During the 2021 bull market, projects like Decentraland and The Sandbox sparked a wave of enthusiasm. MANA tokens surged 4100%, virtual land prices skyrocketed from 1,000 to 45,000, surpassing Taipei real estate gains. But you also saw that after the market peaked and declined, the floor prices of related NFTs kept hitting new lows, and some niche projects are now abandoned.
If you want to participate in the metaverse, the most practical way is to buy and sell NFTs or project tokens. The process isn’t complicated: first, choose mainstream trading platforms like OpenSea, download a MetaMask wallet, connect it to the platform, buy cryptocurrencies like Ethereum to fund your wallet, then select your favorite NFT projects to purchase. When selling, find the NFT you hold in your profile, set a price, and list it. If you’re in a hurry to sell, you can accept offers below the floor price.
But there are three "don’ts" to remember: don’t enter your private key on unfamiliar platforms (your private key is like your bank password), don’t use the same password for all accounts, and don’t believe in "guaranteed profit" NFT airdrop ads.

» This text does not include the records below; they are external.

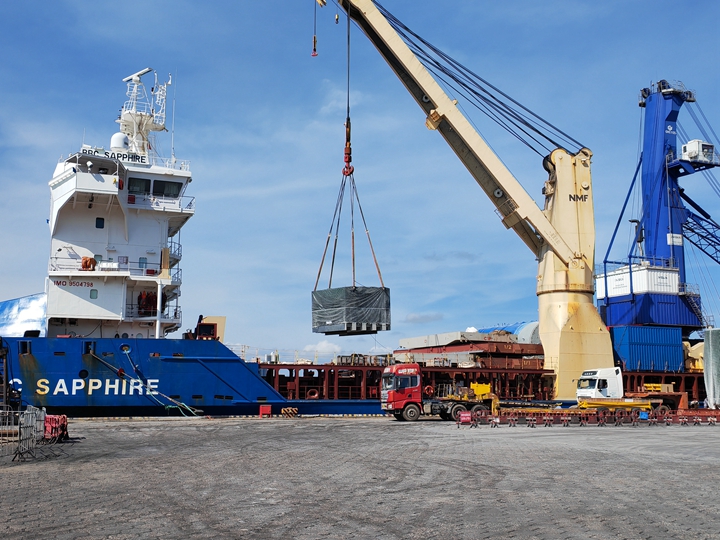 近日,外貿(mào)船舶“藍(lán)寶石”輪順利靠泊港口經(jīng)營公司碼頭裝運(yùn)大型外貿(mào)設(shè)備,這是港口經(jīng)營公司今年以來首次靠泊的萬噸級外貿(mào)船舶。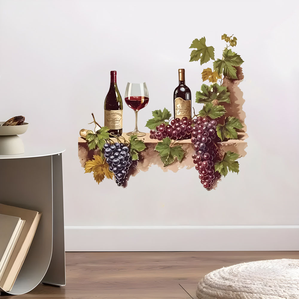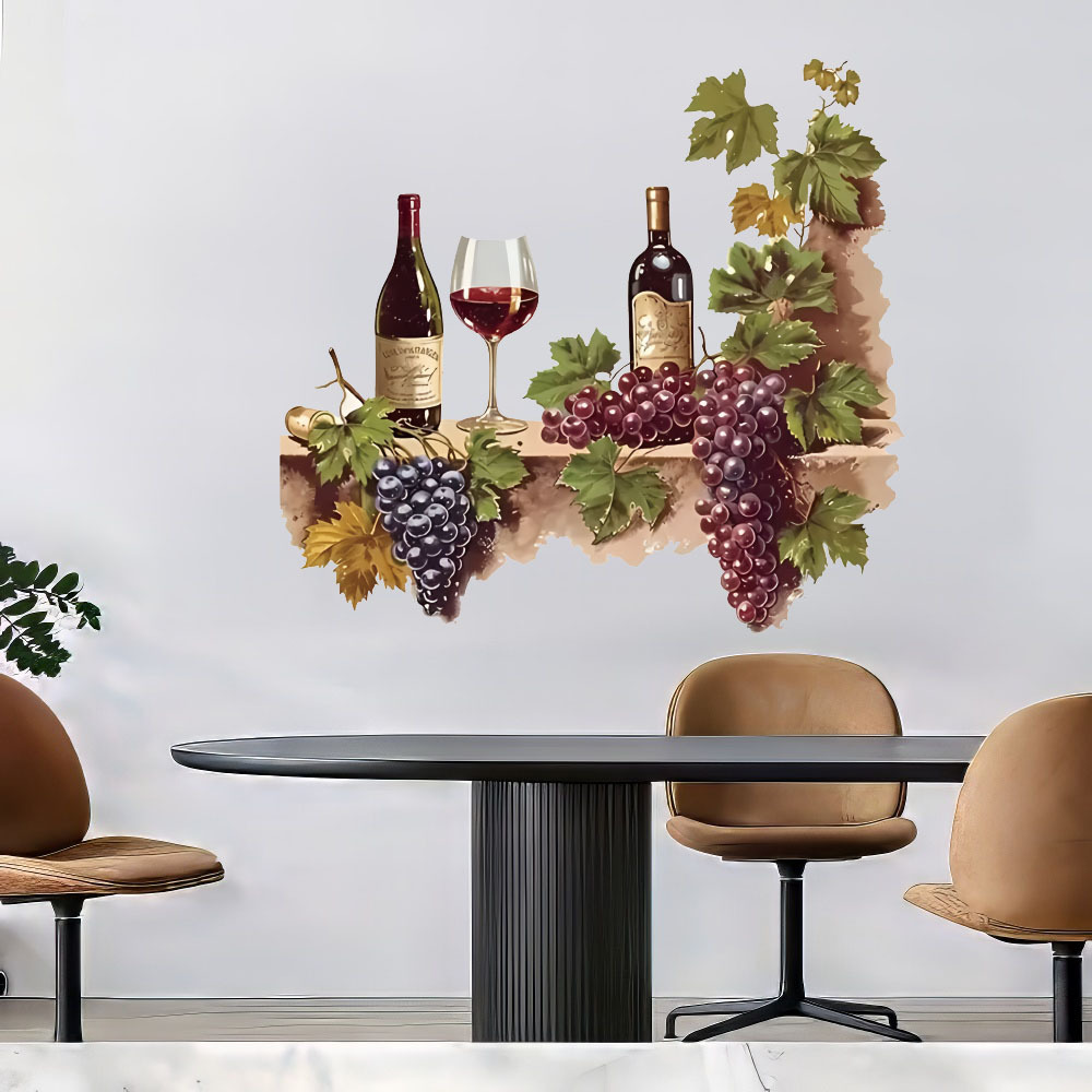 대외 무역 수채화 포도 와인 컵 레스토랑 벽 간단한 장식 스티커 방수 주방 벽 장식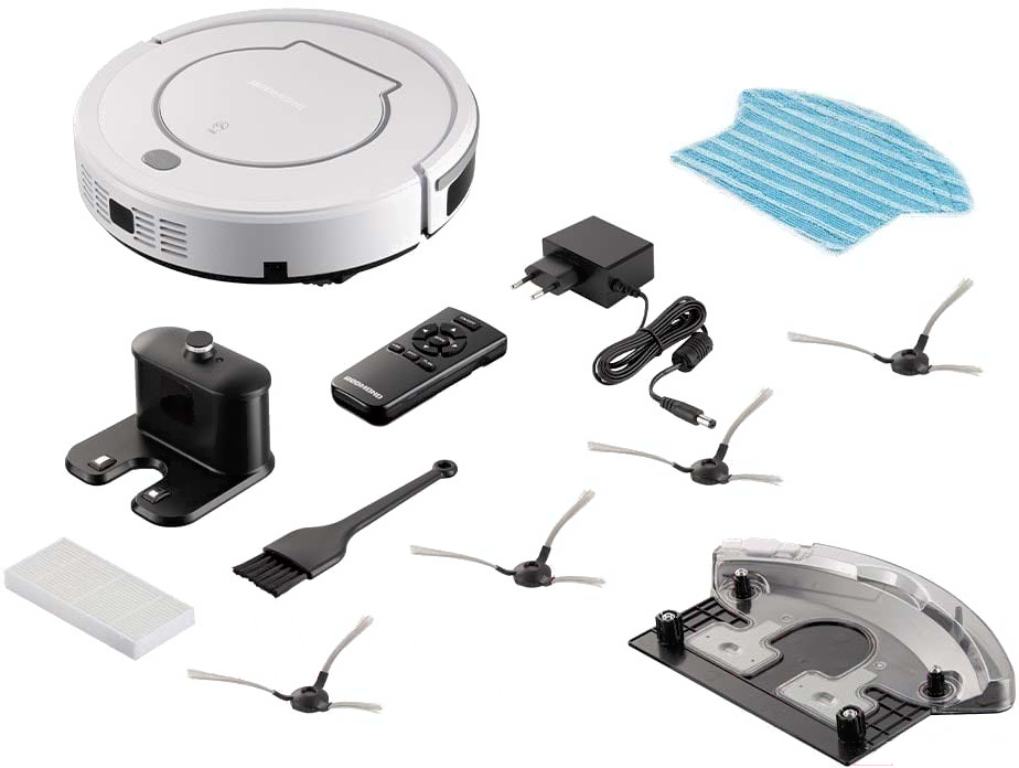 • В комплекте контейнер для влажной уборки, зарядная станция, адаптер питания, пульт ДУ, щеточка для очистки, документация, салфетки из микрофибры, боковая щетка (4 шт), фильтр (HEPA), контейнер для сухой уборки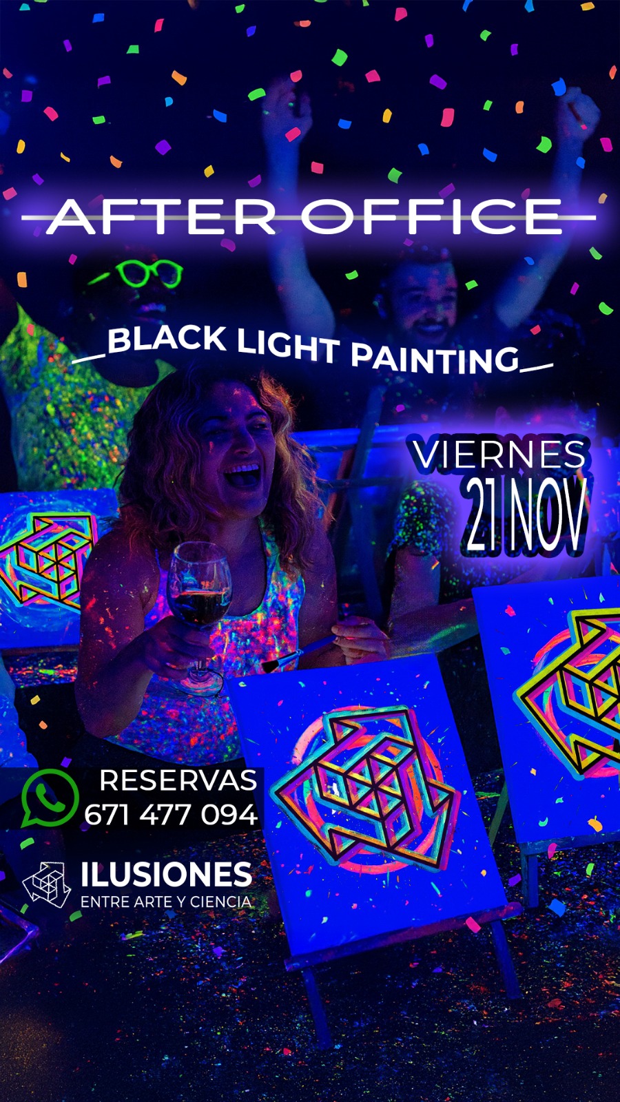 Durante tres horas, los asistentes disfrutarán de un after office diferente, acompañados de vino, picoteo y música, mientras aprenden a crear una pintura fluorescente guiados por un artista o instructor. No se requiere experiencia previa: la propuesta está diseñada para que cualquier persona, sin importar su nivel artístico, pueda expresarse, relajarse y pasar un buen rato en un entorno inspirador.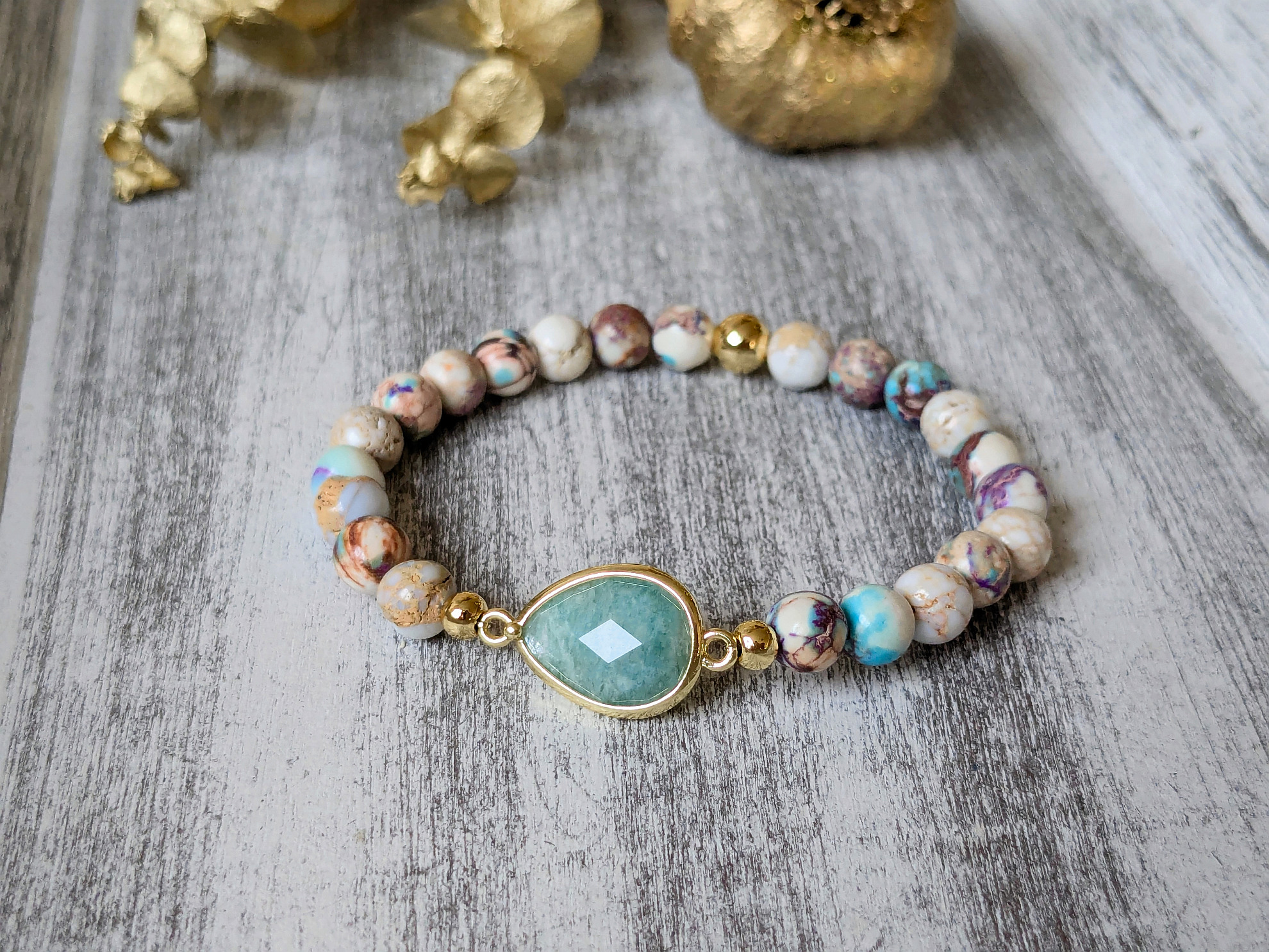 Náramok bledý jaspis regalit a amazonit je vytvorený z 6mm korálok jaspisu, ktorý je doplnený o komponent z amazonitu a oceľové korálky. Náramok je na elastickom lanku a sedí na zápästie 15cm. Veľkosť je možné upraviť, stačí v objednávke do poznámky uviesť obvod zápästia natesno.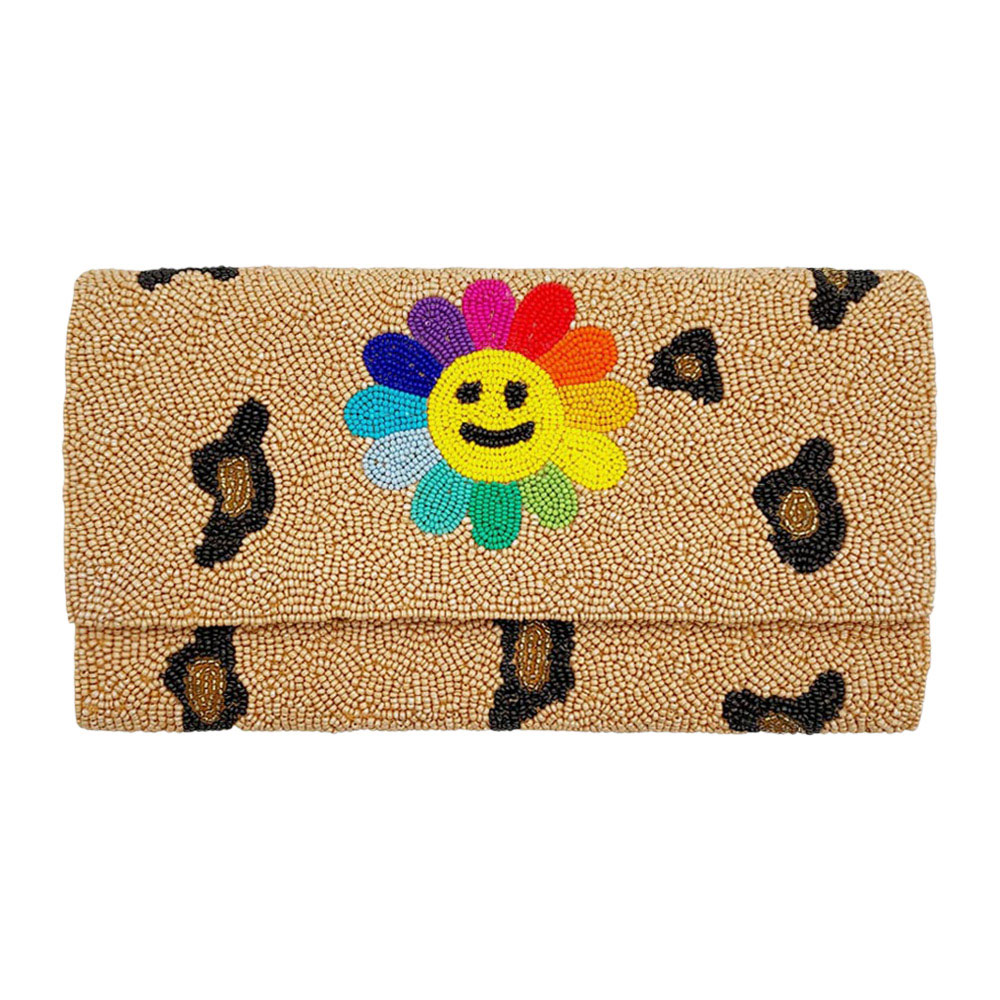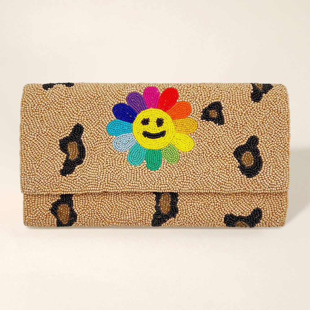 Smile Flower Accented Leopard Patterned Seed Beaded Clutch / Crossbody Bag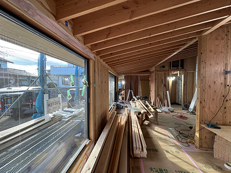 また、天井の化粧垂木と南の窓際が連続する「空を眺める家」、プライベートな中庭のある「国立のコートハウス」も順調に工事が進んでおります。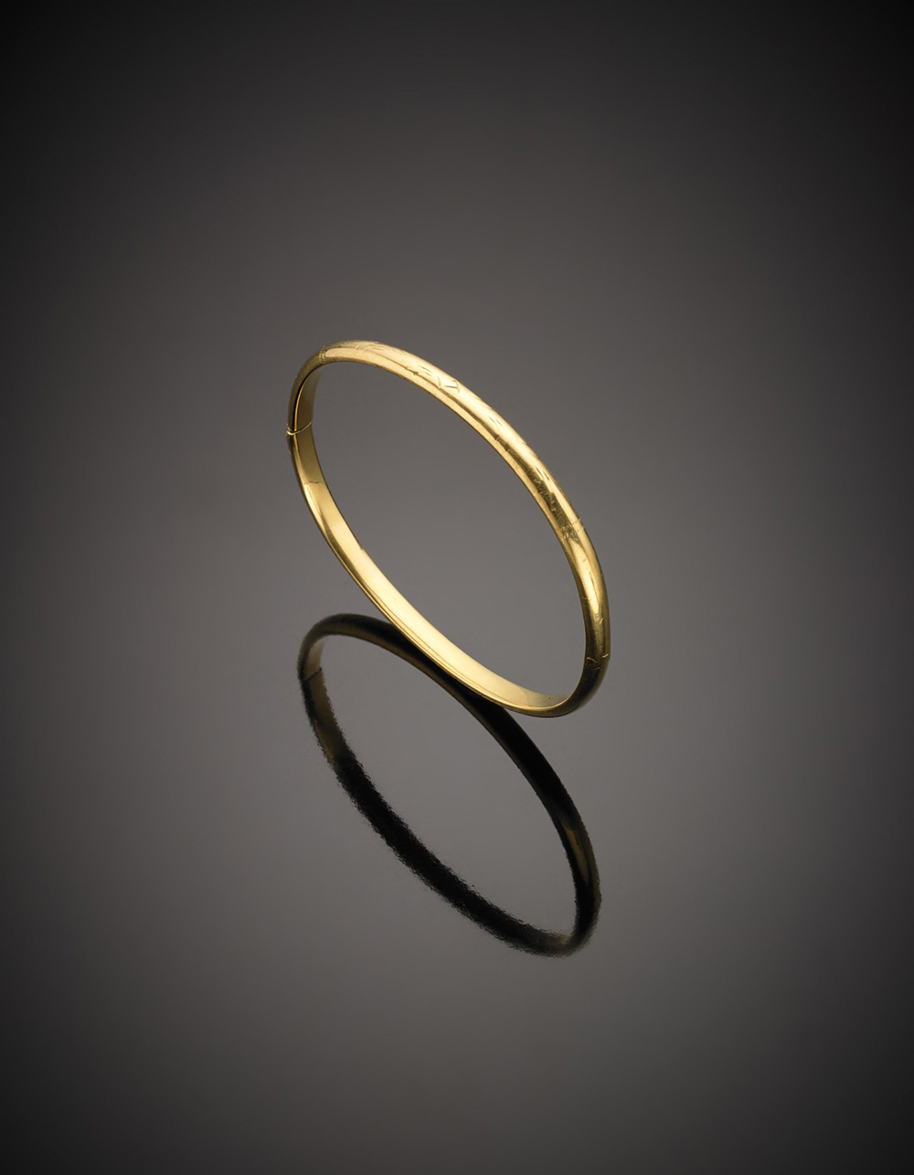 Bracciale rigido in oro giallo con leggere incisioni superficiali, g.8,40,...

Honestly, the liquidity of metaverse and NFT investments is still not as good as cryptocurrency trading, and many projects carry the risk of no buyers. My advice for newcomers is to start with small funds to test the waters, because many projects branded as metaverse are essentially air; once market enthusiasm fades, prices can plummet sharply.
In the long run, the metaverse still has potential. Tech giants like Meta, Microsoft, and Google are investing heavily; virtual reality and AI will become key components. More laws and regulations are expected to be introduced to regulate this field, lowering entry barriers. The metaverse could truly change how people live and how economies operate, with NFTs serving as its infrastructure—evolving as application scenarios expand. Although risks exist, with good trading discipline, this market remains worth paying attention to.